Records for this task section start

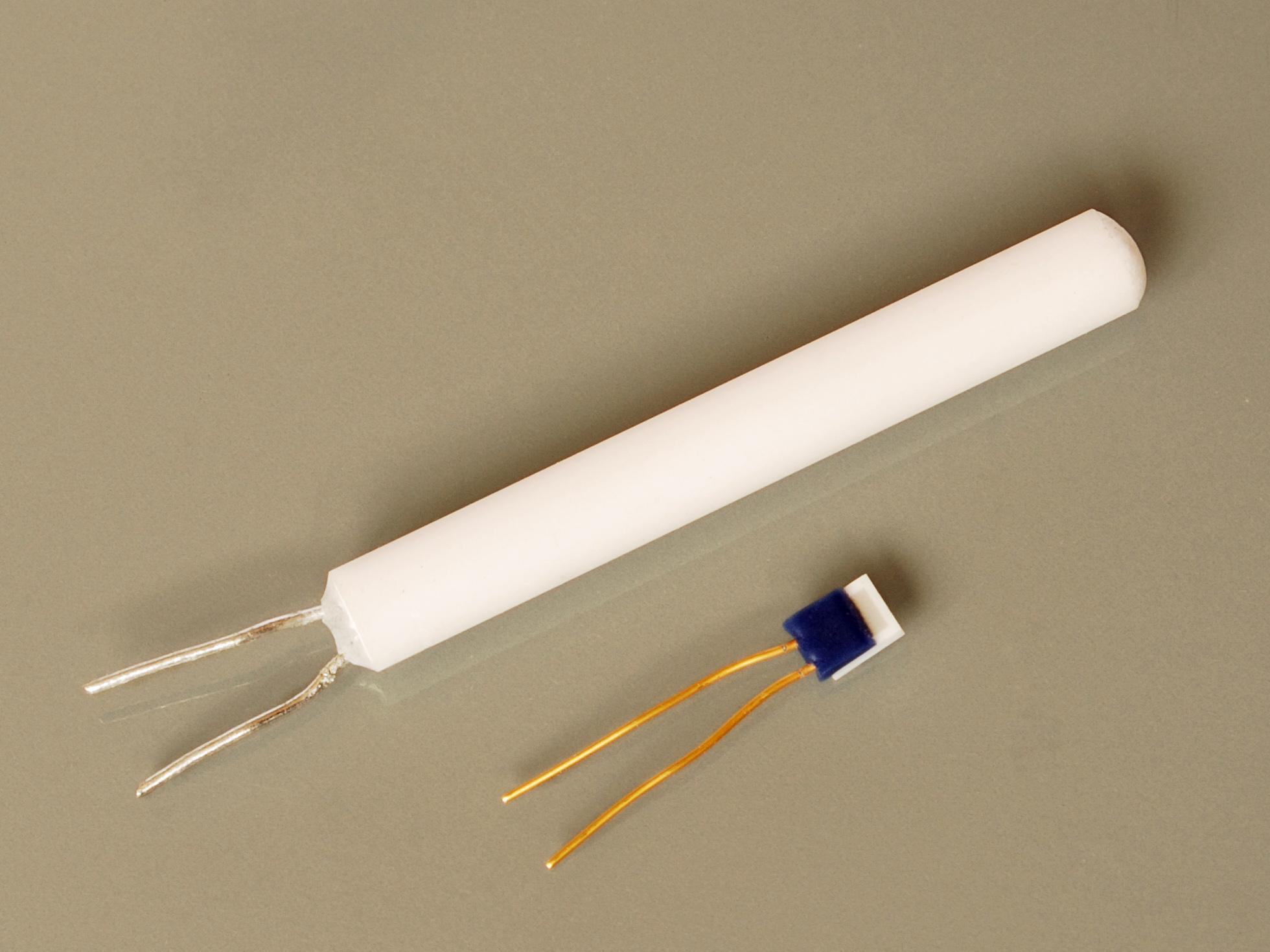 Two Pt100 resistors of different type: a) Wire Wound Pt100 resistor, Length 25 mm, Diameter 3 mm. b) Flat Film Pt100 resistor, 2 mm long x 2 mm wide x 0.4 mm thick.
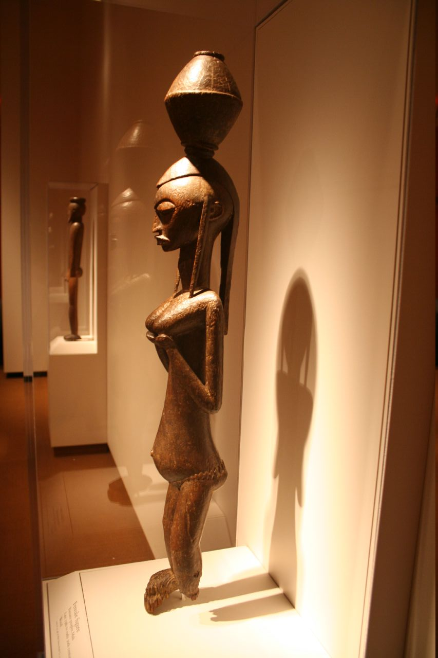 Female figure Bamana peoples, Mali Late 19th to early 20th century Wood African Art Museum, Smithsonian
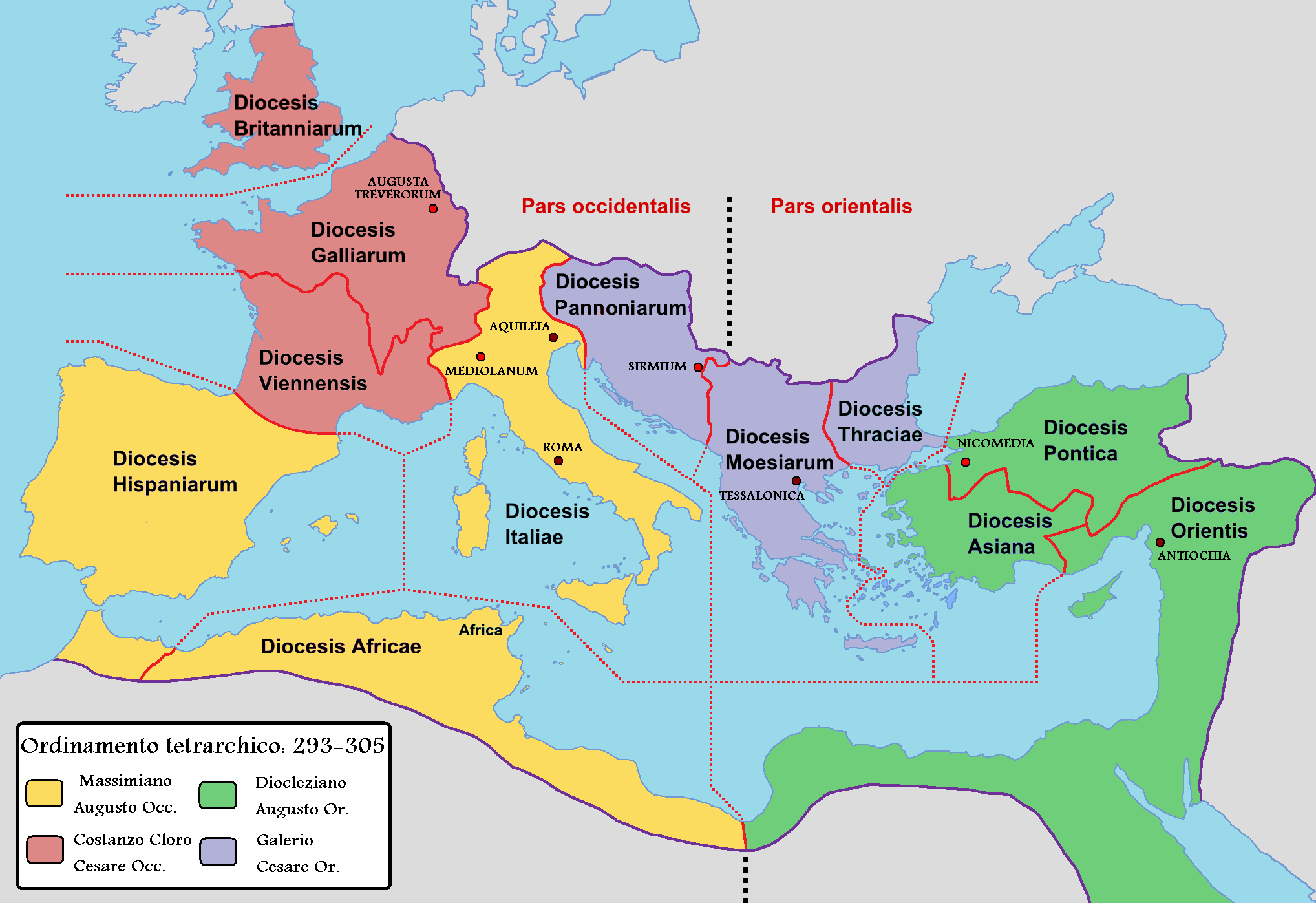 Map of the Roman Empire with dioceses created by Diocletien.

Records for this task section end
Records for this task section start

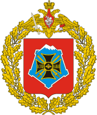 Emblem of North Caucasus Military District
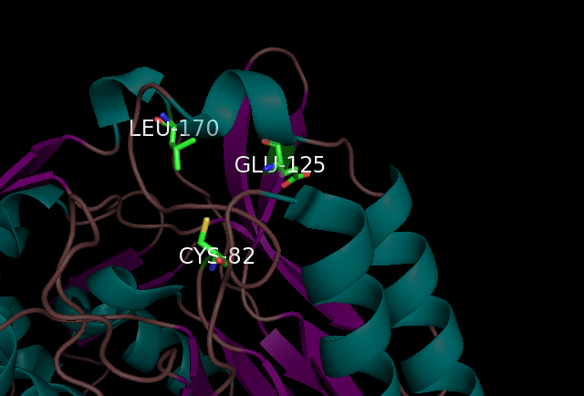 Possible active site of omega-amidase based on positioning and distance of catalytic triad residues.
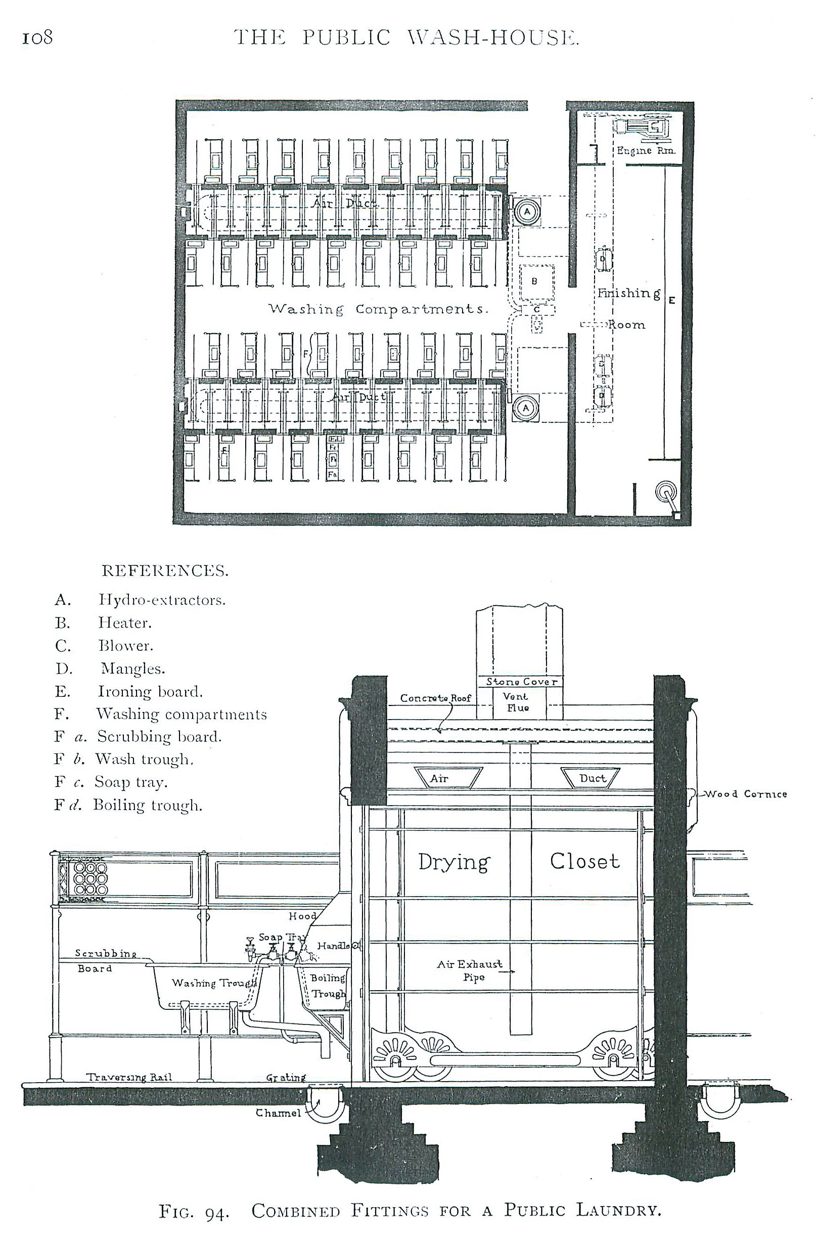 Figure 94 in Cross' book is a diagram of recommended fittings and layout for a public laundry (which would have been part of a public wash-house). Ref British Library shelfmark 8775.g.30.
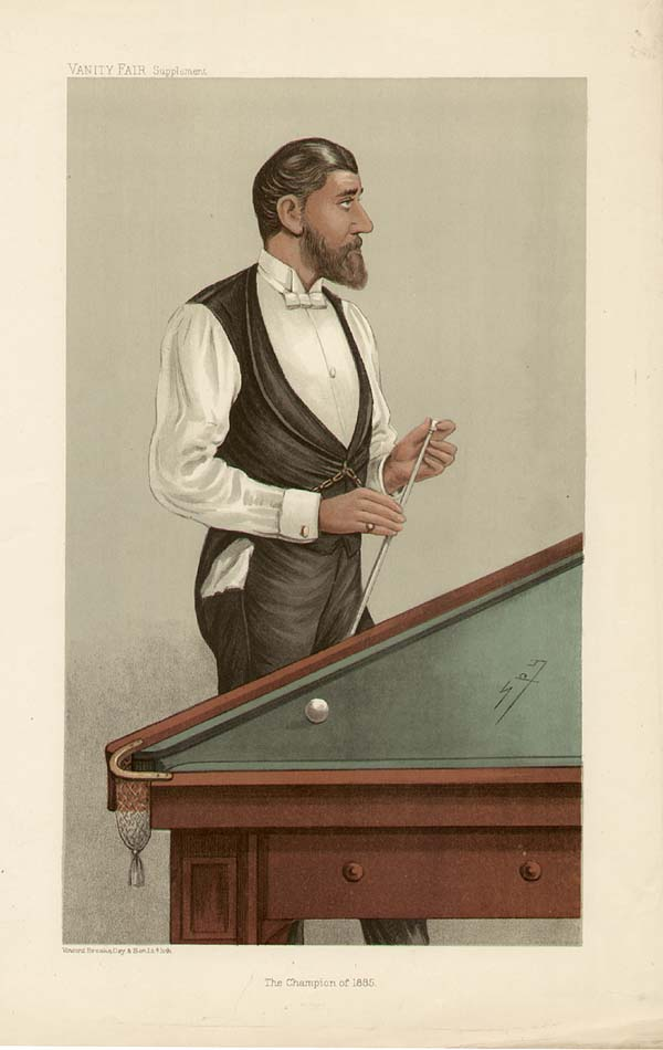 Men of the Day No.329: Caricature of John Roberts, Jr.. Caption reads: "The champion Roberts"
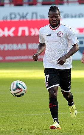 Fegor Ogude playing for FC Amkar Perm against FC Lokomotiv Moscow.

Records for this task section end
Records for this task section start

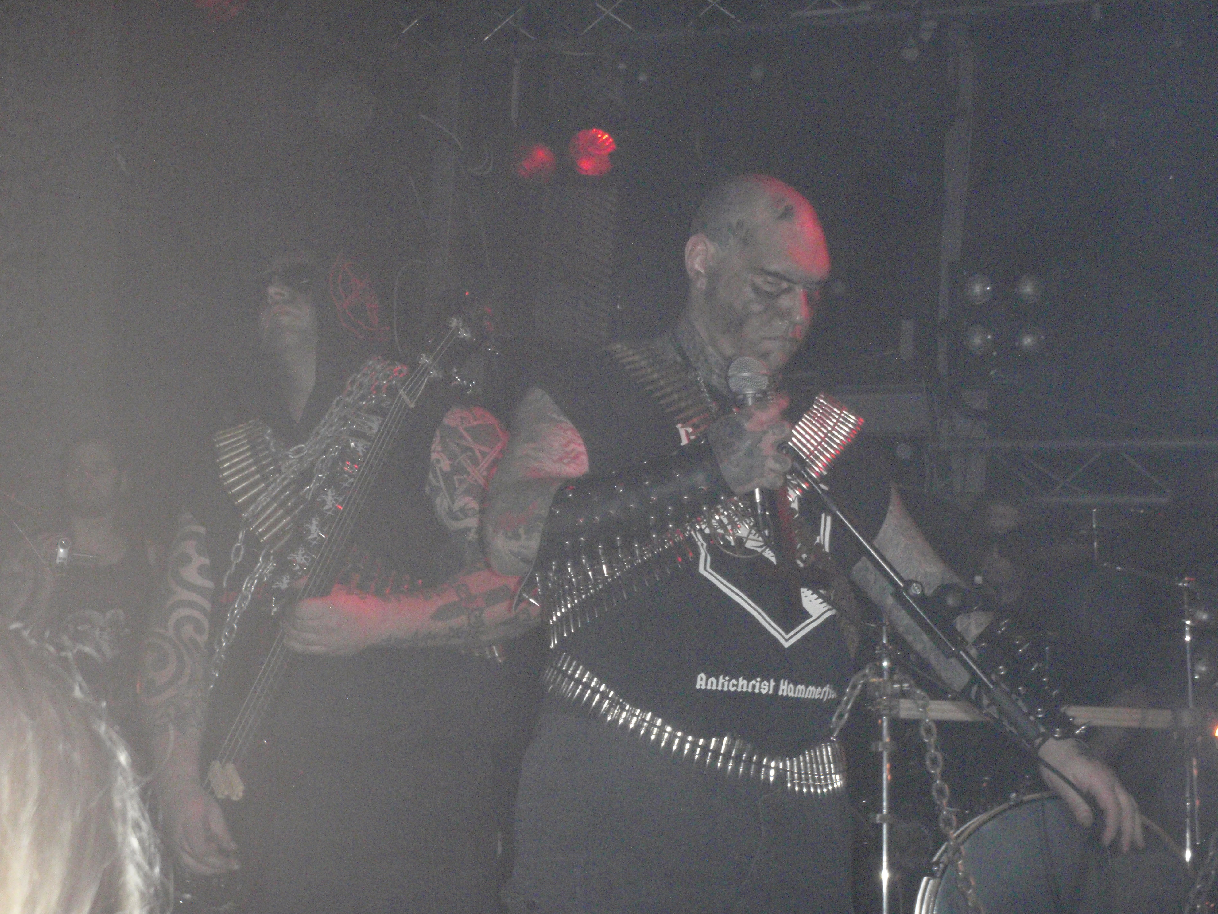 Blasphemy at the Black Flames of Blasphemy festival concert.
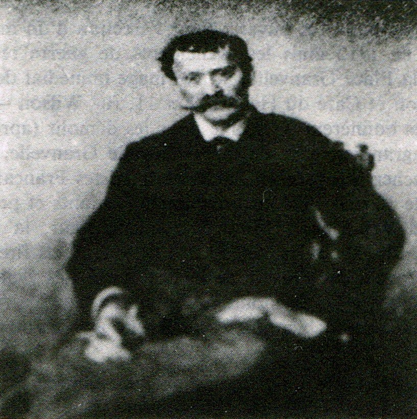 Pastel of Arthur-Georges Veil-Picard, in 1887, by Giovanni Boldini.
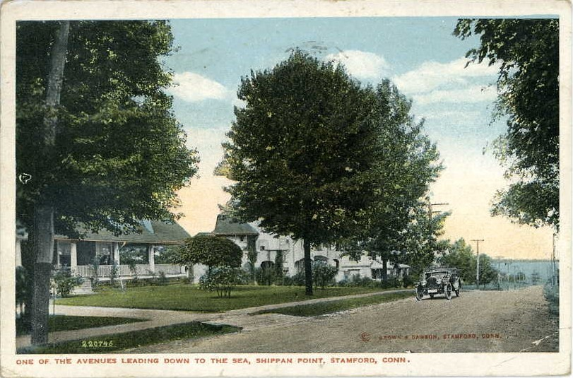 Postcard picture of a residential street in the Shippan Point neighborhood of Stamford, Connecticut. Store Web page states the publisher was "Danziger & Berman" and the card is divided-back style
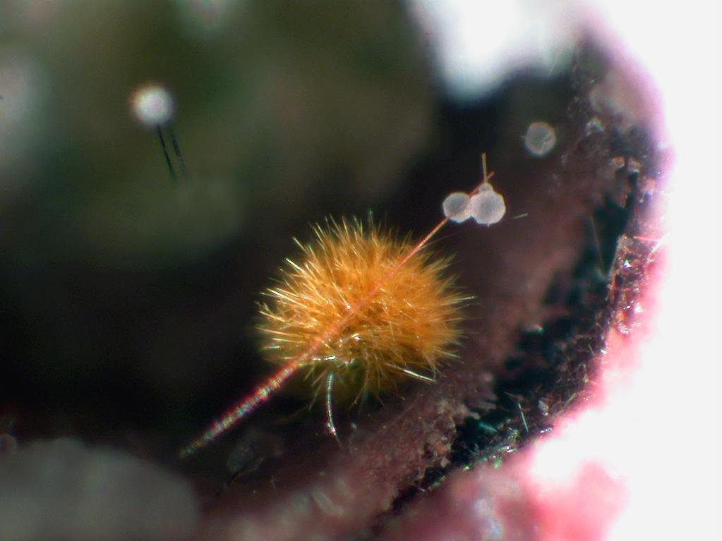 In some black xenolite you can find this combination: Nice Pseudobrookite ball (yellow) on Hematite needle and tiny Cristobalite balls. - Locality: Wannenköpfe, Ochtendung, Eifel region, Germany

Records for this task section end

» Work order
Find where the line with "Two Pt100 resistors" sits in the material above and where the line with "Map of the Roman" sits. Set down exactly the lines from the first to the second, both included and nothing else, without pictures.

» Solution to this problem
 Two Pt100 resistors of different type: a) Wire Wound Pt100 resistor, Length 25 mm, Diameter 3 mm. b) Flat Film Pt100 resistor, 2 mm long x 2 mm wide x 0.4 mm thick.
 Female figure Bamana peoples, Mali Late 19th to early 20th century Wood African Art Museum, Smithsonian
 Map of the Roman Empire with dioceses created by Diocletien.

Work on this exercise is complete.